• Work request: Each line from the one containing "Shimmering bronze meets" to the last line of the listing below is to be duplicated exactly, and no picture is to be carried over.

• Data provided:
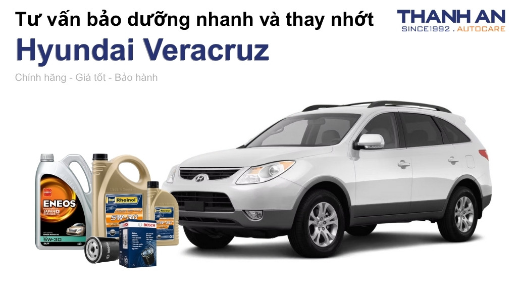 Động cơ Diesel 3.0L hoặc xăng 3.8L của Veracruz hoạt động với áp suất nén rất cao nên cần loại nhớt có màng dầu vững chắc. Thanh An Autocare ưu tiên tư vấn các dòng sản phẩm cao cấp từ thương hiệu Rheinol (Đức) và ENEOS (Nhật Bản). Hai thương hiệu này đáp ứng tốt các tiêu chuẩn khắt khe về khả năng chịu nhiệt và làm sạch muội than trong buồng đốt.
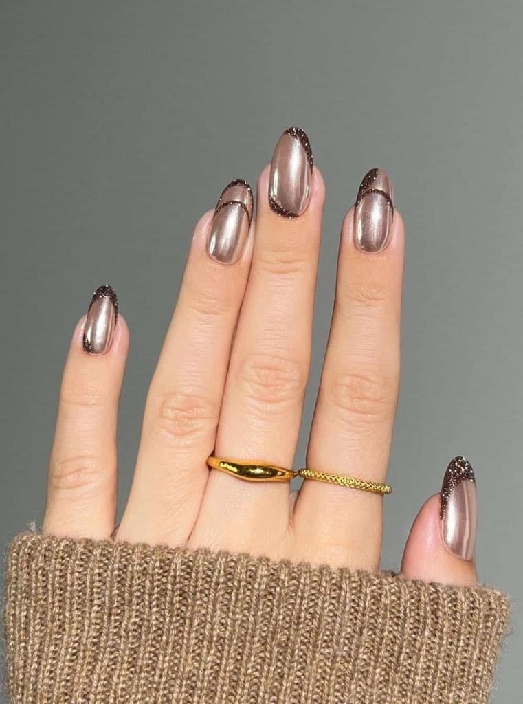 Shimmering bronze meets subtle chocolate in this metallic French tip moment. The glossy, mirror-like finish gives these nails a futuristic feel, while the warm undertones keep them grounded in fall. It’s edgy, but still soft enough for the holiday season.
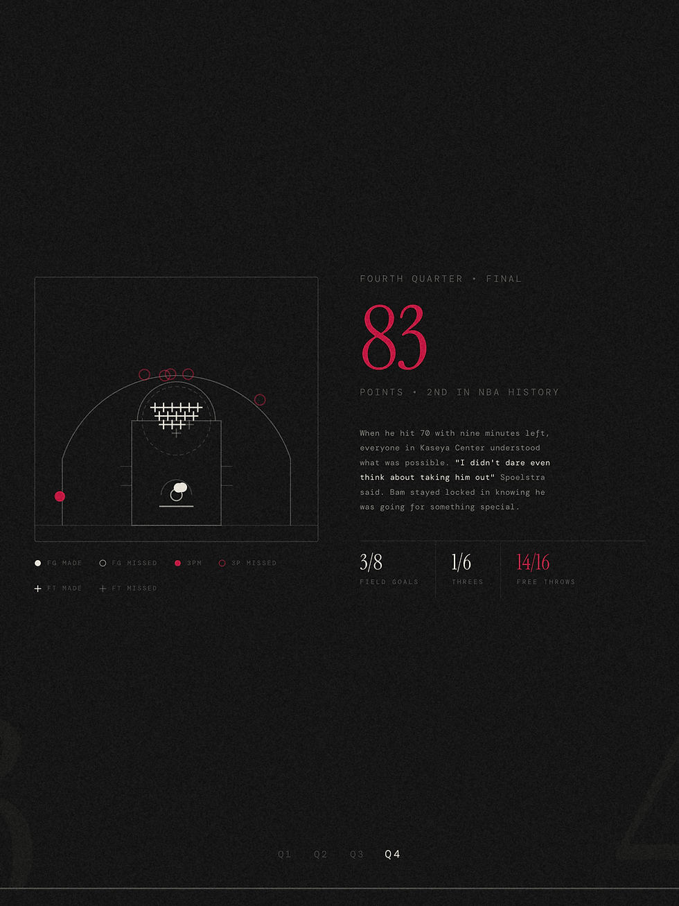BAM. 83. is a scroll-driven editorial experience commemorating Bam Adebayo’s historic 83-point game on March 10, 2026.
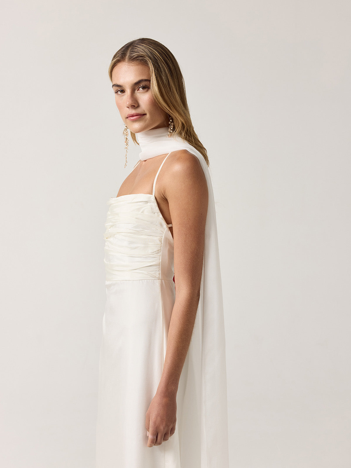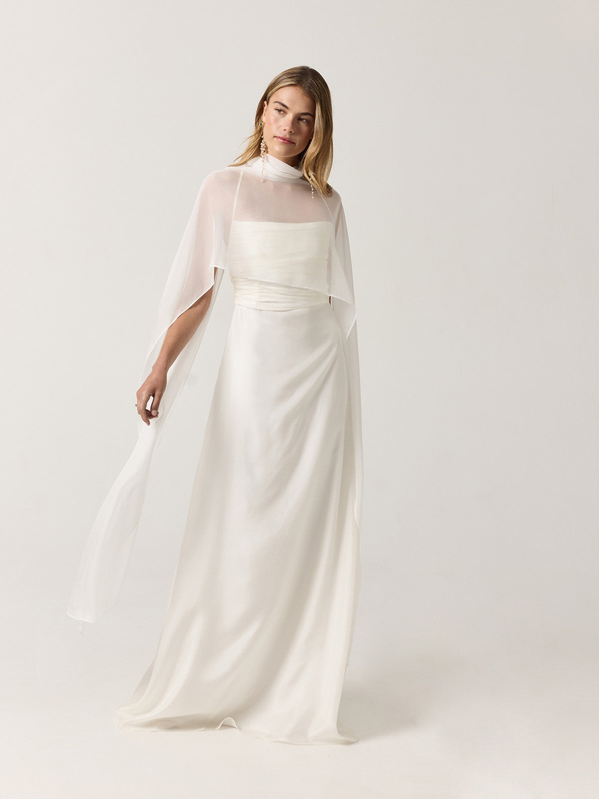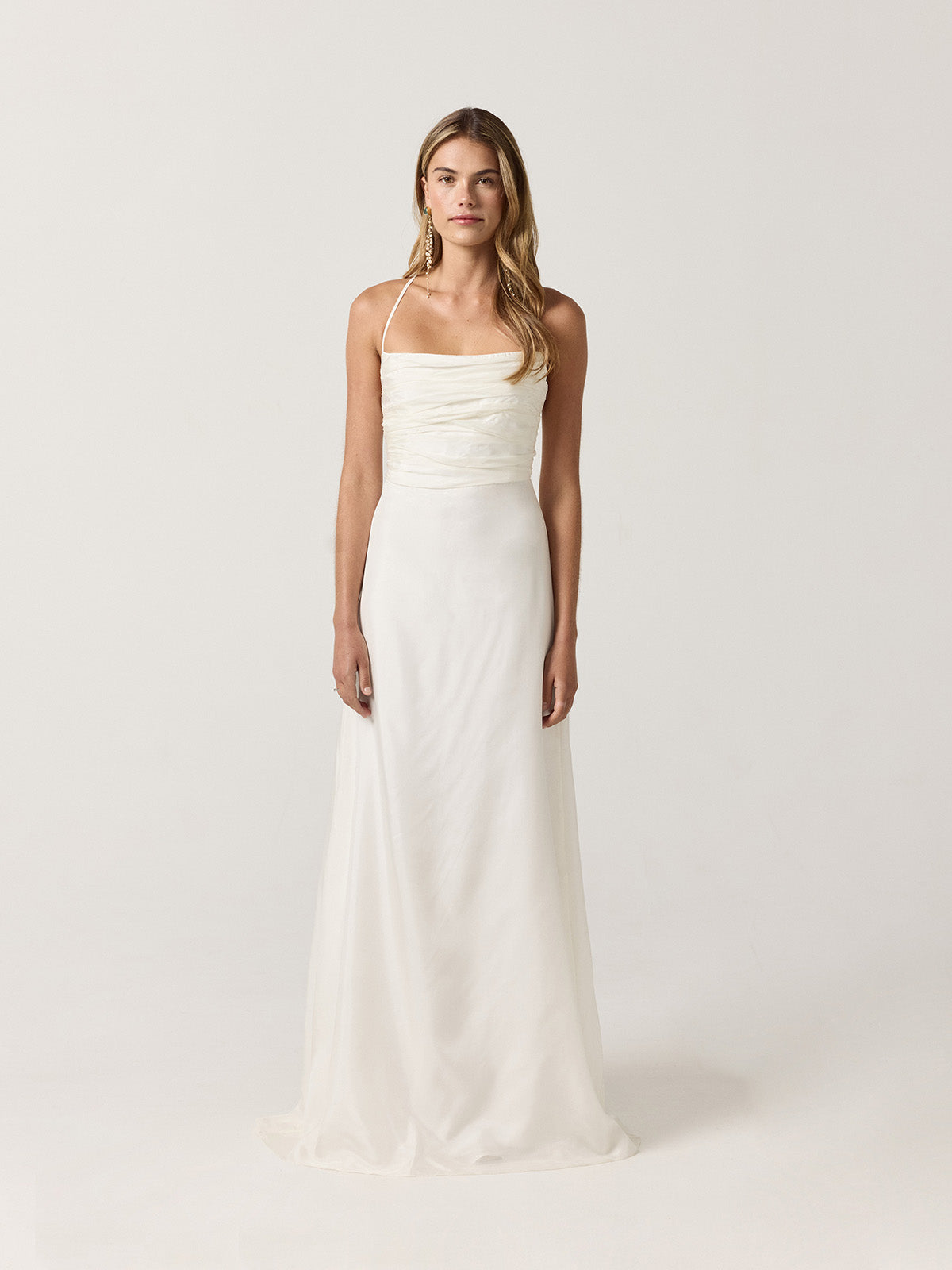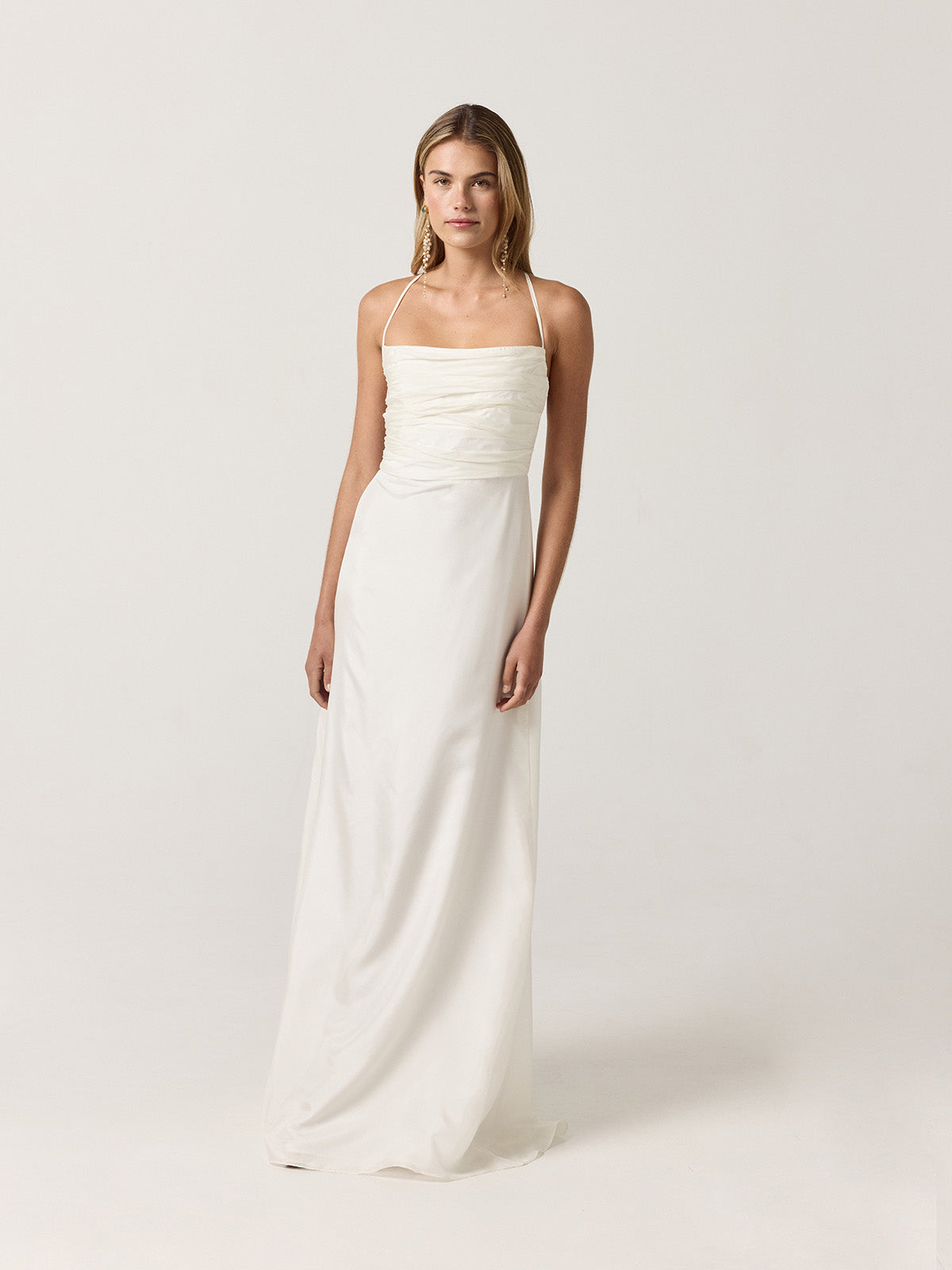 Ivory white long dress crafted in 100% silk, featuring a softly draped bodice with fine straps and a straight neckline. Designed with delicate crossed straps at the back and finished with an invisible zipper closure. One of the collection’s most versatile pieces, ideal for a modern and romantic bridal look.

• Output of the exercise:
 Shimmering bronze meets subtle chocolate in this metallic French tip moment. The glossy, mirror-like finish gives these nails a futuristic feel, while the warm undertones keep them grounded in fall. It’s edgy, but still soft enough for the holiday season.
BAM. 83. is a scroll-driven editorial experience commemorating Bam Adebayo’s historic 83-point game on March 10, 2026.
 Ivory white long dress crafted in 100% silk, featuring a softly draped bodice with fine straps and a straight neckline. Designed with delicate crossed straps at the back and finished with an invisible zipper closure. One of the collection’s most versatile pieces, ideal for a modern and romantic bridal look.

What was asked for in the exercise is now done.